PROBLEM -
Output, exactly as written, the lines below starting at the line containing "Lady’s Fashion Ring" and ending at the line containing "A vereadora Simone". Drop the pictures and keep both end lines.

RECORDS FOR THE TASK -

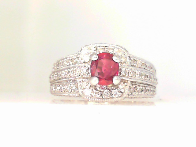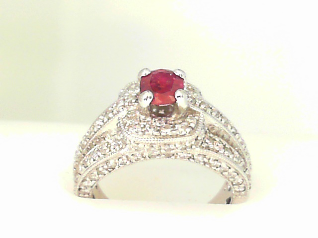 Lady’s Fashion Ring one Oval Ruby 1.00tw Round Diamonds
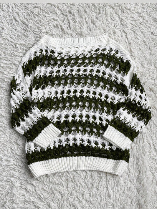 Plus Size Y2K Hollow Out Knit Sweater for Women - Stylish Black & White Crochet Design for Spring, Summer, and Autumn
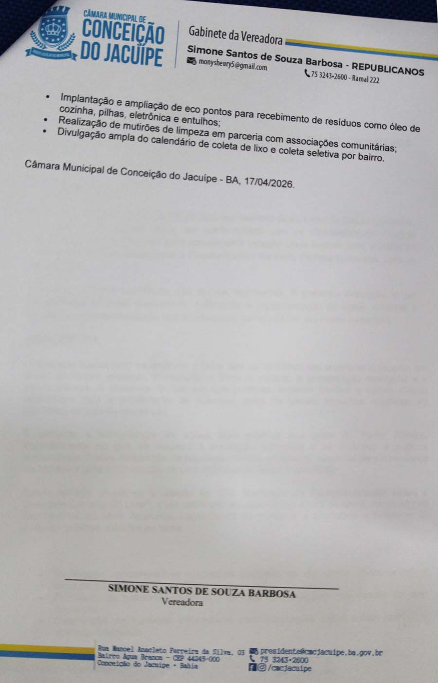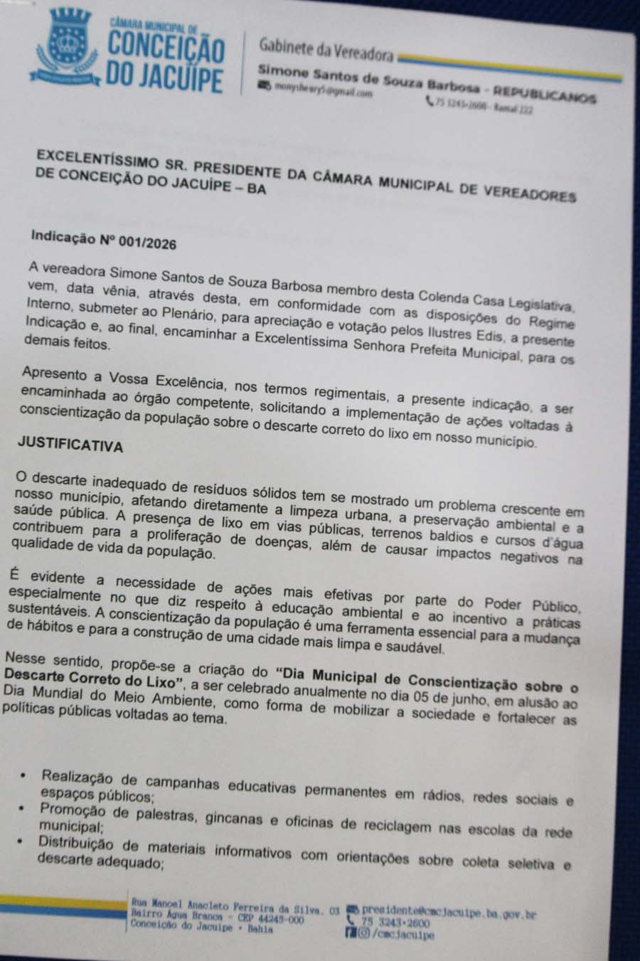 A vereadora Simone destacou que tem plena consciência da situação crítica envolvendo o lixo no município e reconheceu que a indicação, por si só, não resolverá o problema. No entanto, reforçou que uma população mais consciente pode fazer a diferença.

...

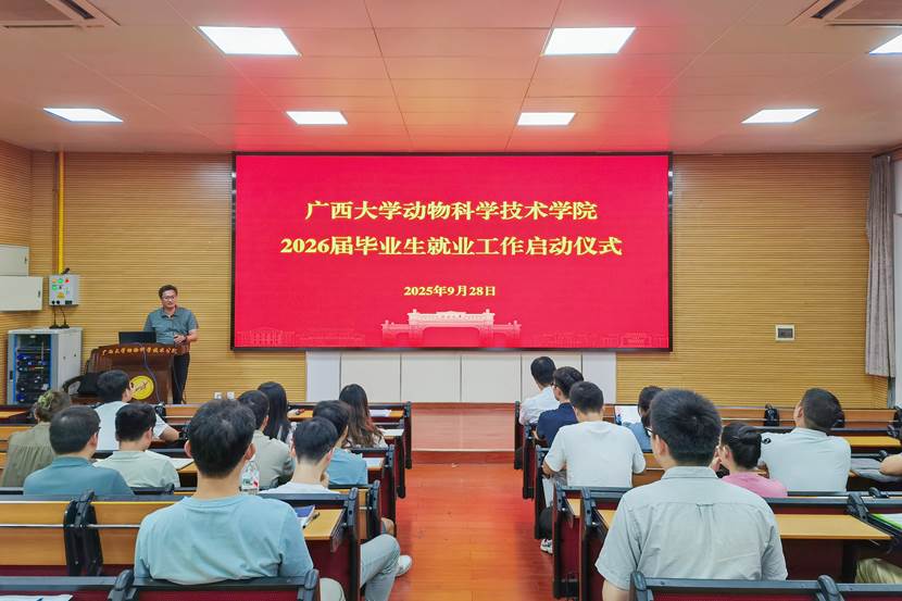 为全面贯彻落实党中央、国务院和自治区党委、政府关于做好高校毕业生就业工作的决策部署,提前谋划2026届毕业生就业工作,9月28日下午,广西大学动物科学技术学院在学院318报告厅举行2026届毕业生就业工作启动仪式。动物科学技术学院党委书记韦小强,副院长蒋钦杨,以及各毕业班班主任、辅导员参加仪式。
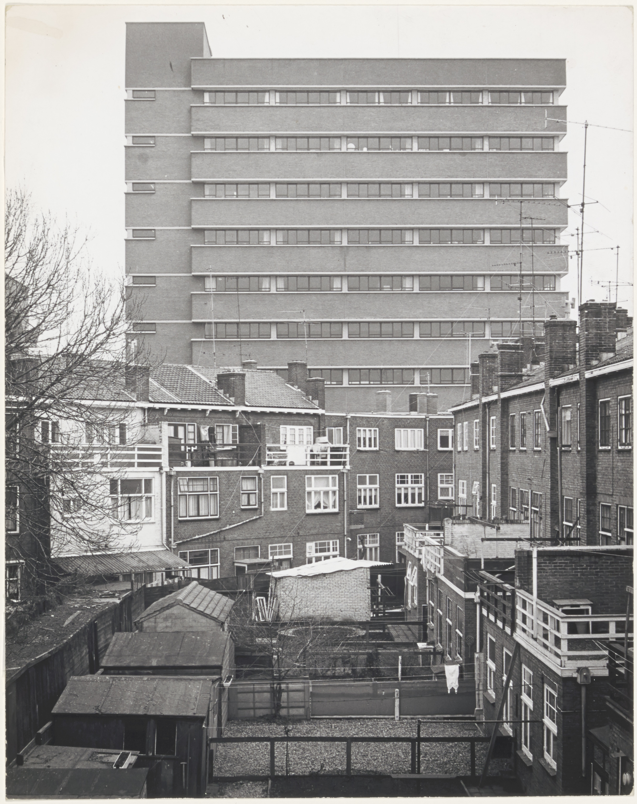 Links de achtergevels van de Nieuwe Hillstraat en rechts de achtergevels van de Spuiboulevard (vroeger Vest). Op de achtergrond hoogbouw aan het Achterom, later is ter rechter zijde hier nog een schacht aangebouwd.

WRITTEN SOLUTION -
 Lady’s Fashion Ring one Oval Ruby 1.00tw Round Diamonds
 Plus Size Y2K Hollow Out Knit Sweater for Women - Stylish Black & White Crochet Design for Spring, Summer, and Autumn
 A vereadora Simone destacou que tem plena consciência da situação crítica envolvendo o lixo no município e reconheceu que a indicação, por si só, não resolverá o problema. No entanto, reforçou que uma população mais consciente pode fazer a diferença.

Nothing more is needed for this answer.